You can also use this hacky method to enable certain estimators:

from sklearn.base import RegressorMixin
from glmnet import ElasticNet
from catboost import CatBoostRegressor
from tpot.config.regressor import regressor_config_dict

CatBoostRegressor.__bases__ += (RegressorMixin,)
ElasticNet.__bases__ += (RegressorMixin,)

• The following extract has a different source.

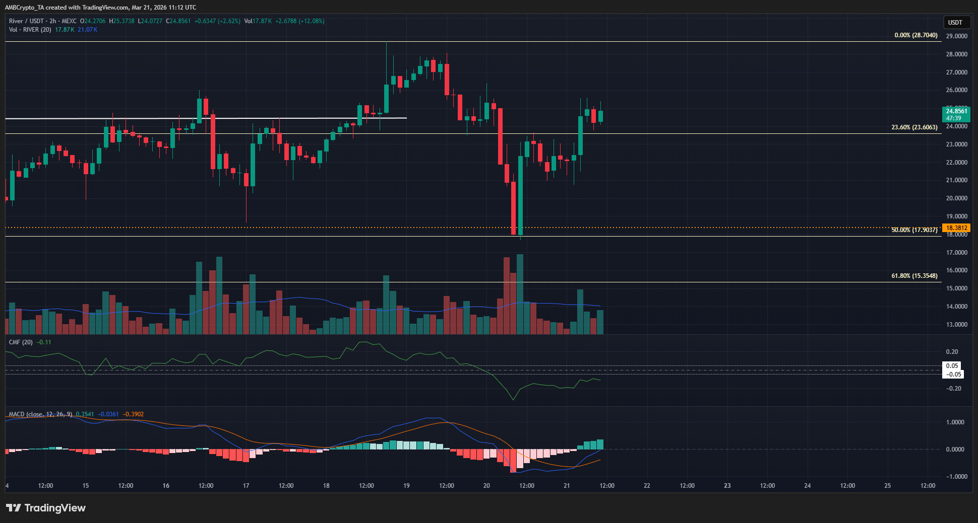Technical analysis showed that RIVER could be turning its trend bullish, even though the short-term indicators flashed warning signals.

config_dict = regressor_config_dict
config_dict['catboost.CatBoostRegressor'] = {
    'logging_level': ['Silent'],
    'thread_count': [8]}

config_dict['glmnet.ElasticNet'] = {
    # Elastic net L1 vs L2
    'alpha': [0, 0.25, 0.5, 0.75, 1],
    'n_jobs': [8]
}

All 8 comments

The format of dictionary is right but the operators in the dictionary are not inherited from sklearn.base.RegressorMixin and TPOT cannot build pipeline without the RegressorMixin based operator as root of pipeline.

The codes below can check if the operators are from RegressorMixin

from sklearn.base import RegressorMixin

from glmnet import ElasticNet
from mlxtend.regressor import LinearRegression

print('mlxtend.regressor.LinearRegression', issubclass(LinearRegression, RegressorMixin))
print('glmnet.ElasticNet', issubclass(ElasticNet, RegressorMixin)) 

# xgboost works
#from xgboost import XGBRegressor
#print('xgboostXGBRegressor.', issubclass(ElasticNet, XGBRegressor))
# sklearn.ensemble.ExtraTreesRegressor also works
from sklearn.ensemble import ExtraTreesRegressor
print('sklearn.ensemble.ExtraTreesRegressor', issubclass(ExtraTreesRegressor, RegressorMixin))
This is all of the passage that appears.